Grant habitually wears an expression as if he had determined to drive his head through a brick wall and was about to do it. His words would be prophetic in one the most important battles in the civil war, the Siege of Vicksburg. Confederate President Jefferson Davis said "Vicksburg is the nail head that holds the South's two halves together." President Abraham Lincoln knew that the Confederacy had a strategic point in the city of Vicksburg, Mississippi and ordered Union Maj. Gen. Ulysses S. Grant and his Army of the Tennessee to led the Vicksburg campaign. After Grants Army crossed the Mississippi River the battles of Port Gibson and Raymond allowed him to capture Jackson, the capital of the state of Mississippi in the middle of May of 1863 and put the C.S.A leaders in a defensive position at Champion Hill and Big Black River Bridge, but the attempts to stop the Union Army were unsuccessful.
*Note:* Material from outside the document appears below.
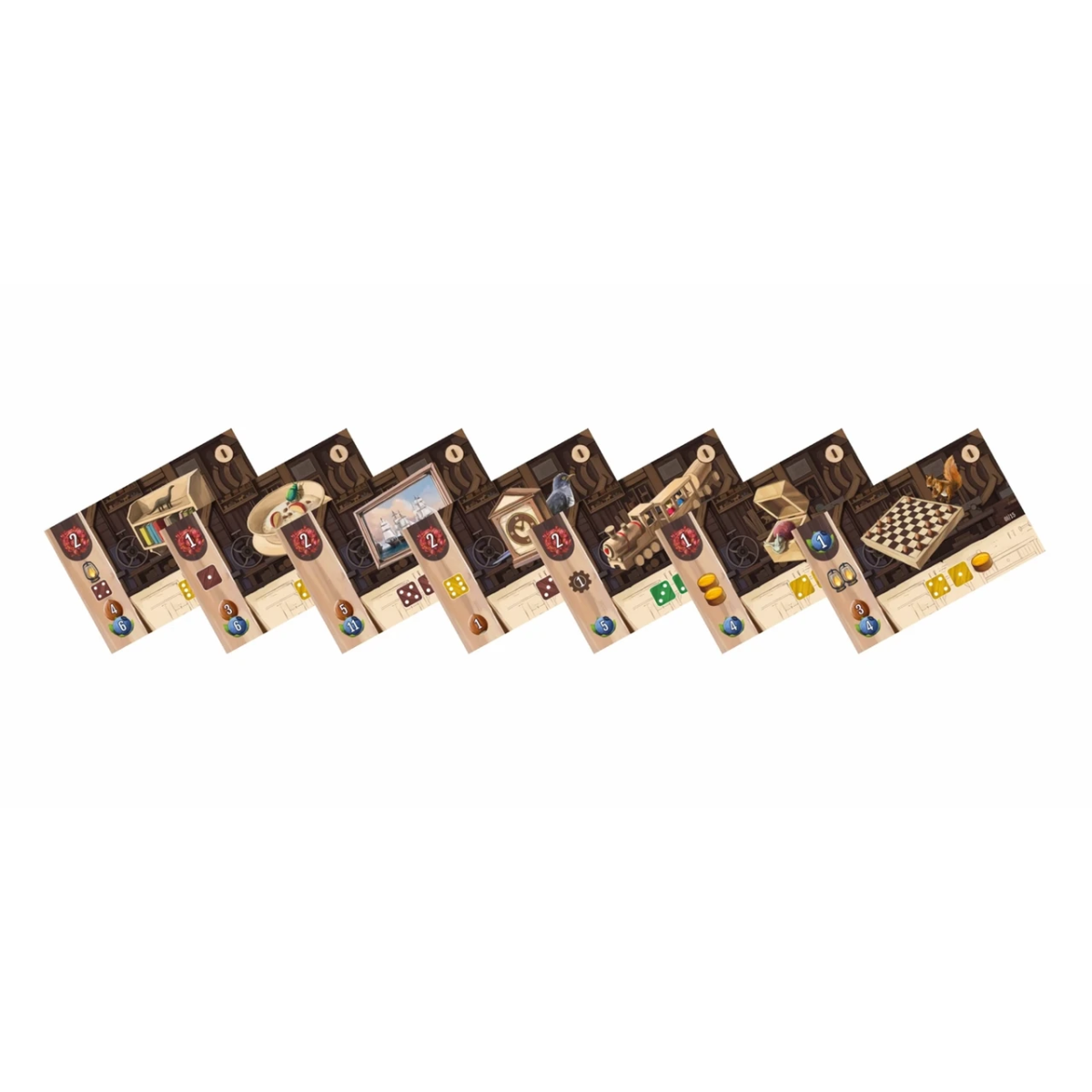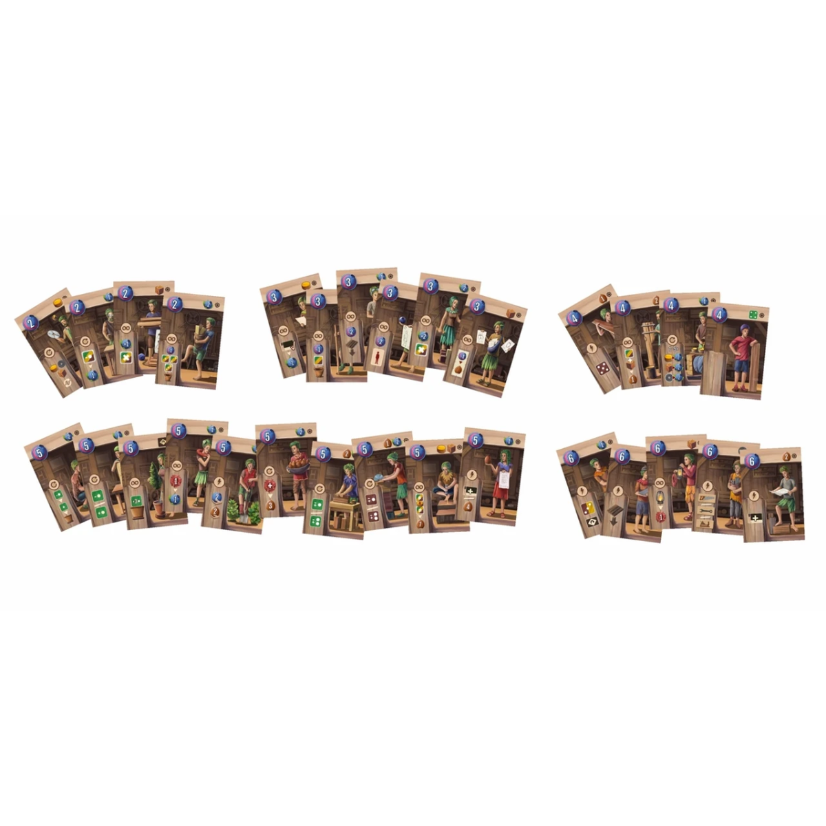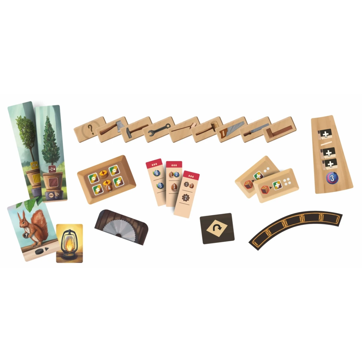 Дії необхідно комбінувати з властивостями ваших поліпшень майстерні та карт помічників, щоб отримувати та поліпшувати кубики одного з трьох кольорів - трьох сортів деревини, що необідні для виконання замовлень.

With 45,000 Union soldiers against 31,000 Confederate troops led by Confederate Gen. John C. Pemberton, Gen. Grant wanted to overwhelm the Confederates before they could fully organize. With this situation C.S.A. President Jefferson Davis ask Gen. Robert E. Lee to call of Gen. James Longstreet and his corps to arrive in Vicksburg. Gen. Lee had a different plan; he would move his army north and invade the Union. Forcing President Lincoln to order Grant to abandon his Vicksburg campaign and head northeast to help protect Washington. With the decision of Gen. Lee to invade the north, the other major battle of the Civil War would be fought on 1-3 of July 1863 in Gettysburg PA. On the first day, On 1 July, the Confederate units began to concentrate on a junction of several roads at Gettysburg, Union Cavalry scouts and artillery batteries deployed to confront the C.S.A advance. On second day of battle, 65,000 Confederate soldiers were faces to face with 85,000 federal troops in the

battlefield; most of both armies had been ready for the battle. The Union line was laid out in a defensive formation similar to a fishhook. In the late afternoon of July 2, Lee launched a heavy assault on the Union left flank, this move was unusual because the war was fought mainly during the day, the fighting raged at Little Round Top, the Wheatfield, Devil's Den, and the Peach Orchard. On the Union right, leadership deployed full-scale assaults on Culp's Hill and Cemetery Hill. All across the battlefield, despite significant losses, the Union defenders held their lines. On the third day of battle, July 3, fighting resumed on Culp's Hill, and cavalry battles raged to the east and south, but the main event was a dramatic infantry assault by 12,500 Confederates against the center of the Union line on Cemetery Ridge, known as Pickett's Charge. The charge was repulsed by Union rifle and artillery fire, at great losses to the Confederate army. Lee led his army on a torturous retreat back to Virginia. In the Aftermath of the bloody battle the two armies suffered between 46,000 and 51,000 casualties and ended with Gen. Robert E. Lee's defeat and would be a blow to the Confederacy, one blow that they would not recover. The Siege of Vicksburg and the battle of Gettysburg were two key Union victories that would become a turning point of the war, with the Union control of the Mississippi, the Confederacy lost major military and naval operations on west of the Mississippi River and kept control during the rest of the war, and with the victory of Union Maj. Gen. George G. Meade in Gettysburg the invasion of the north led by Confederate Gen. Robert E. Lee ended.